Economic divergence between urban and rural economies is as much a story about the South as the struggling Rust Belt. As the Wall Street Journal highlighted in a recent feature, the South’s decades-long convergence to the rest of the country has halted since the Great Recession:
In the 1940s, per capita income in the states historians and economists generally refer to as the South — Louisiana, Mississippi, Alabama, Georgia, the Carolinas, Virginia, West Virginia, Oklahoma, Arkansas, Tennessee and Kentucky — equaled 66.3% of the national average, according to historical data reconstructed by University of Kent economist Alex Klein and The Wall Street Journal. By 2009, that had climbed to 88.9%. That was the high-water mark. By 2017 it fell back to 85.9%.
It is true that incomes in the South have stopped gaining ground on the rest of the country, but the story is more complicated. The South is also home to some of the fastest-growing cities in the country, among them Atlanta, Charlotte, Raleigh, and Charleston. While their West Coast and Northeastern counterparts have enacted restrictive zoning laws that drive up the cost of living and deter in-migration, these fast-growing metros have so far avoided that temptation and remain magnets of economic opportunity. At the same time, places outside these cities have been struck by high poverty, job loss, and other forms of social hardship, driving overall regional economic outcomes away from the rest of the country.
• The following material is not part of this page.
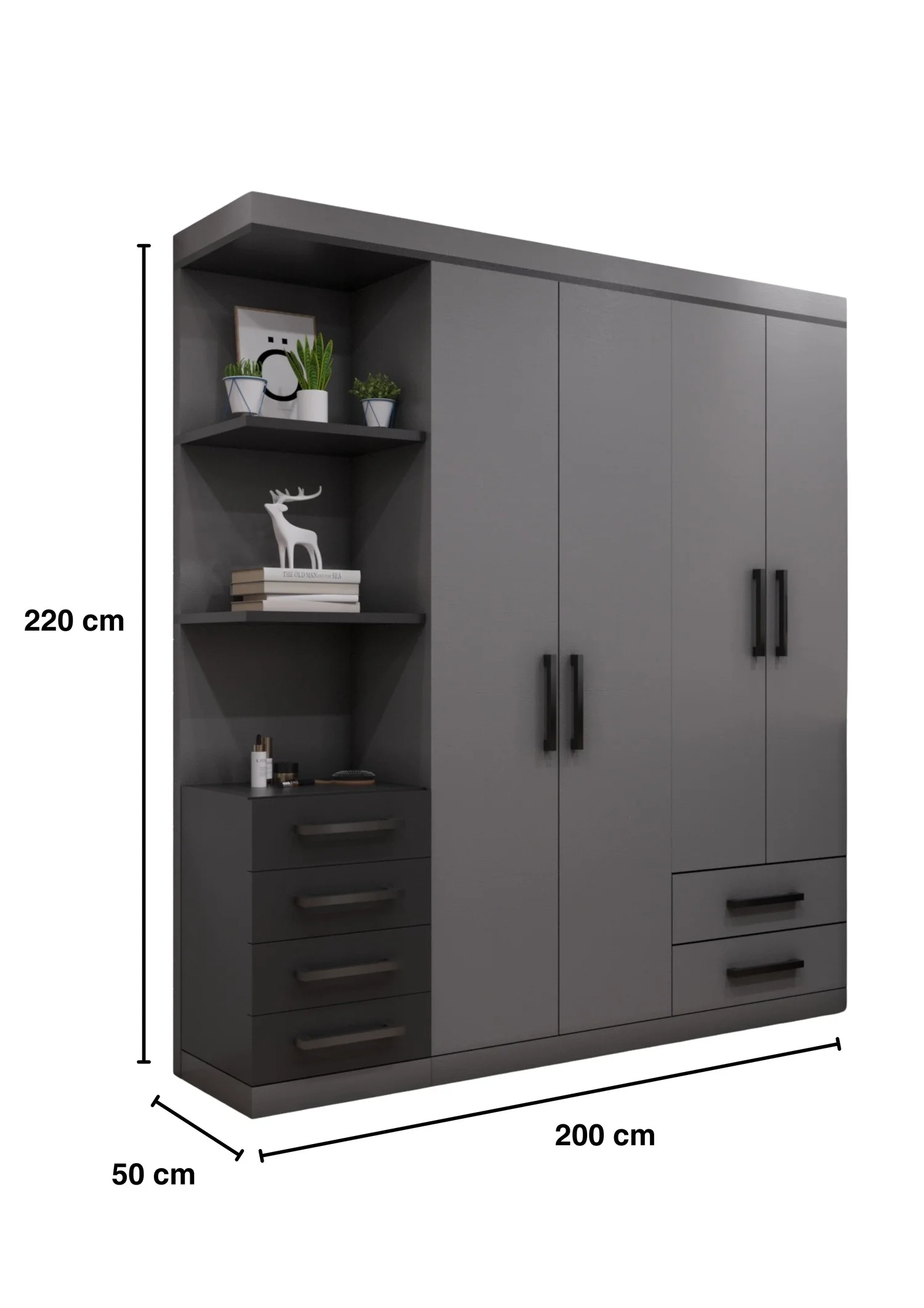 - يسار الدولاب يتكون من 3 أرفف مكشوفة + 4 أدراج أسفلهم

The self-sorting of workers from struggling towns to places offering higher wages and living standards is an important driver of national growth. Policymakers in the South should continue to facilitate the migration of workers to the booming cities of the Sun Belt, but they must also pursue smart place-based policy to assist the communities that migrants leave behind. It is not a fact of life that vast swaths of the region are destined to succumb to stagnation and lag the rest of the country, and with a careful reconsideration of longstanding economic development practices, the South can reverse their divergence and spur more broad-based growth.